ジープは全く待とうとしない。ドゥアラから1週間もかけて、なんとかここまで来たのにまさかの入国拒否。アルジェリアで大学へ行く金を貯める計画が。。。オネールはアフリカは何処も腐敗してるから問題ないと言っていたが、アフリカの腐敗も隅々まで行き届いているわけではなかった。よく考えると彼がこれまで賄賂を払って通過したカメルーンとチャドは国家腐敗ランキングで過去同列一位に輝いた栄誉ある腐敗国家だ。同じアフリカでもこうやってちょっとやる気のあるイミグレがあれば、呆気なく止められてしまう。オネールはこのあとどうするのだろう?ドライバーも乗客も全く同情はなく、オネールを置いて走り出した。アフリカ人は他所のアフリカ人には厳しい。

イミグレのすぐ先には町があり、そこがニジェール最初の町ギギミだった。そこからディファまではバスは走ってないので、またジープになる。この車の乗客のうち4人はアガデスまで行くというので一緒に行くことになった。ドライバーは通りでジープを探してくれ、チャド人達がジープのオーナーに交渉して一人6000CFA1,200円)でディファまで行けることになった。ディファへのジープの運ちゃんは、町で更に3人ほど人を乗せてから出発した。

ディファまでの道は途中から舗装道路になった。道路の両脇にブッシュマンの家のような枝を集めてできたドーム状の小さな家がすごい数並んでいるのが見える。その近くには真っ白の大きなUNICEFのテントがある。よく見ると枝を集めて建てた家の屋根に張られたビニールシートにもUNICEFのマークが見える。大きなテントにはたくさんの人が列を作っていて難民キャンプのようだ。同じようなキャンプをディファまでに何度か見かけた。

後で聞いた話ではディファは今、ボコハラムの活動が盛んな場所らしく、ボコハラムは村を襲い、村人を虐殺し、金や食料を奪い、女の人をレイプしたり誘拐したりしている。
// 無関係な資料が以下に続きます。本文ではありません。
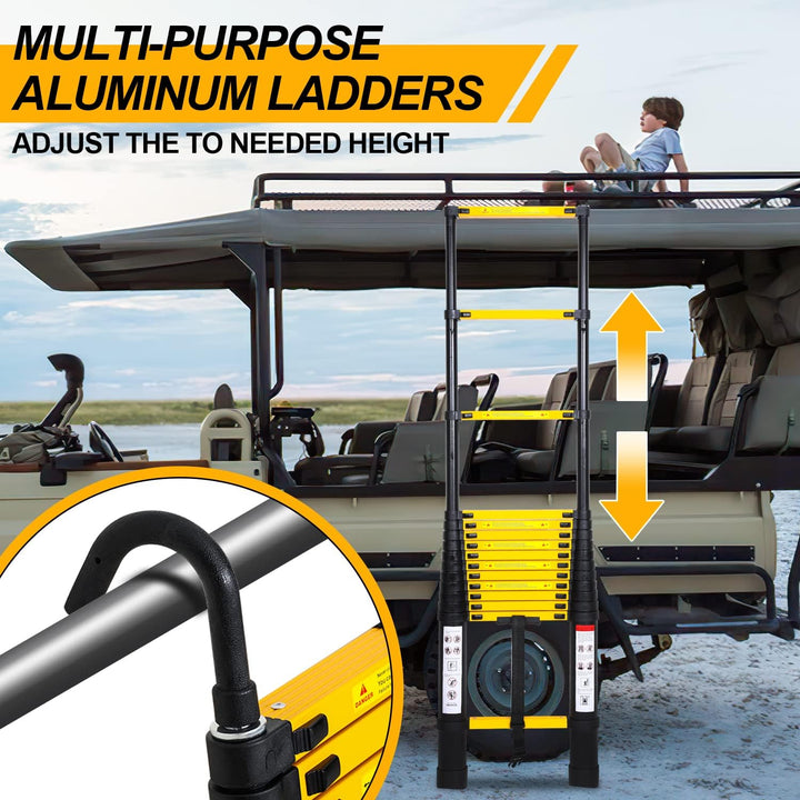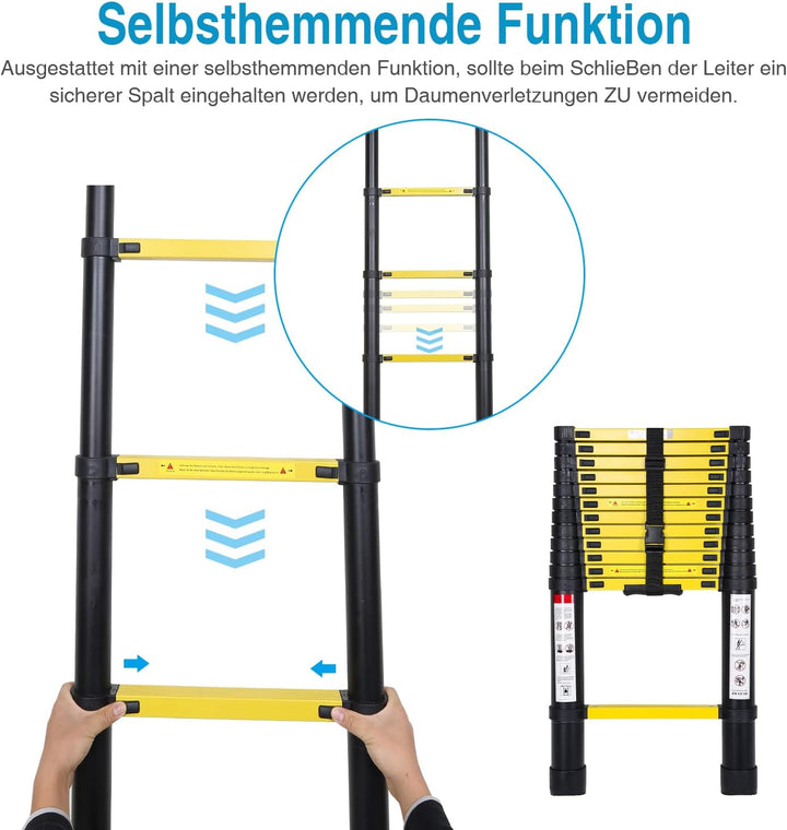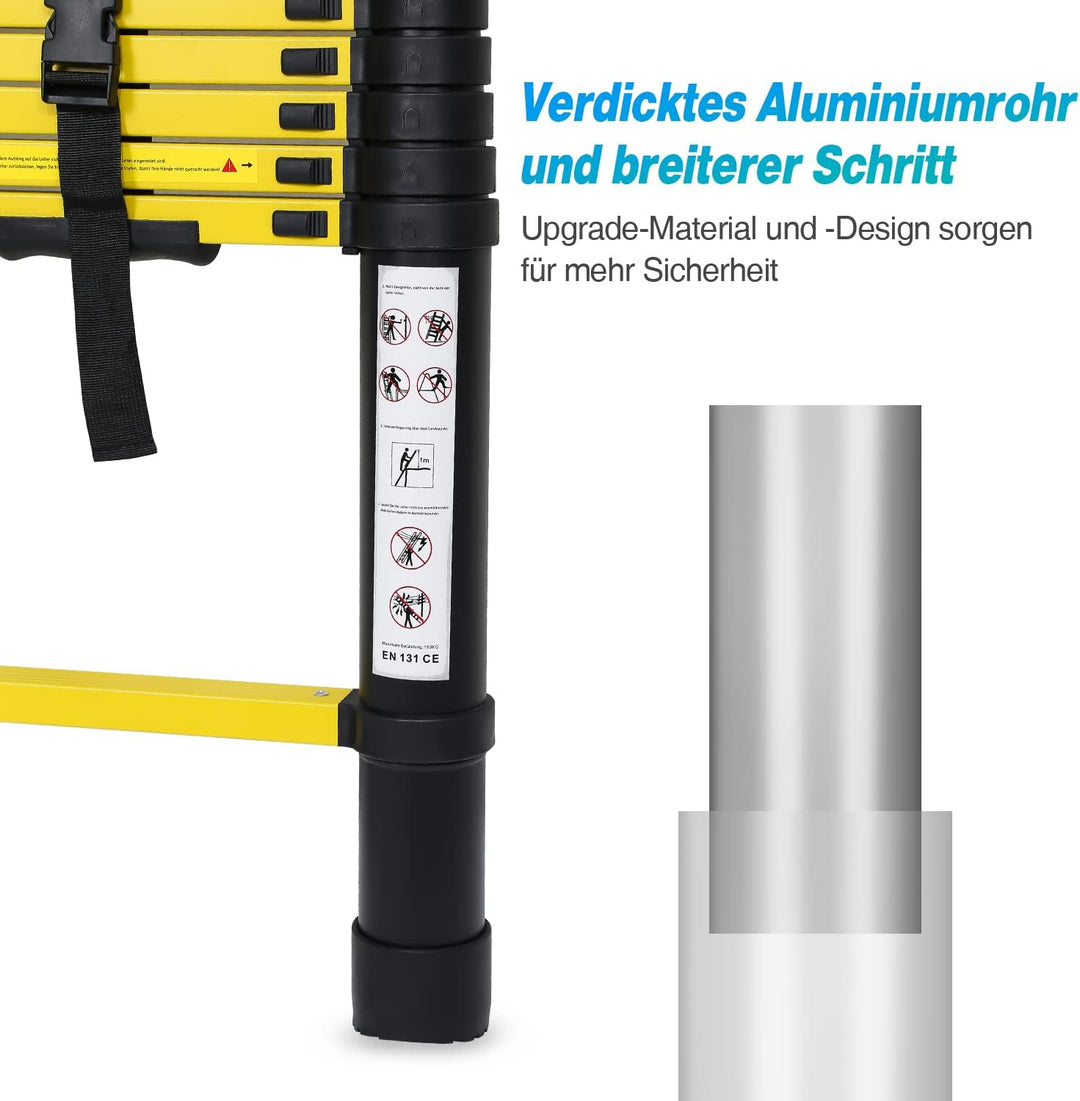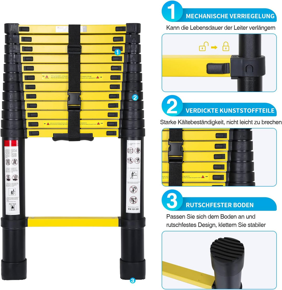 - 🔥Sicher und Zuverlässig: Zwischen den Sprossen ist Finger Sicherheitseinstellungen vorhanden, um das Einklemmen der Finger beim Ein- und Ausfahren zu verhindern. Eine gummierte rutschfeste Stufe und ein stossdämpfender Riemen zwischen den Sprossen

やはりあのキャンプはそういった村から保護された人のために国連が建てたものだ。だがカメルーンで見た中央アフリカの難民キャンプに比べ、建物がショボすぎる気がした。

ディファには昼過ぎに着き、13:30発のザンデール行きのバスに乗ることができた。ニジェールのバス代は異常に高く、ディファからザンデールで8000CFA1,600円)、ディファからアガデスは17,000CFA3,400円)もした。カメルーンのようにバス会社は、各々バスターミナルを持っていて、バスターミナルには雑魚寝スペースがあり、翌朝に移動する現地人がたくさん寝ていた。ギギミの町では中部アフリカ、西アフリカ両方のセーファーフランが使えたが、ディファでは西アフリカセーファーフランでないとコーヒーさえ買えなくなっていた。


一緒にきたチャド人達もザンデールまで一緒だった。チャド人達はチケットを買うときに何故か揉め、なかなか売ってもらえなかった。スタッフからの対応も冷たく、バスを待つ間、ゴザの上でかたまって静かにしていた。オネールがチャドでアウェイだったように、今度は彼らがアウェイになる番だ。アフリカ人は自国の外では大人しい。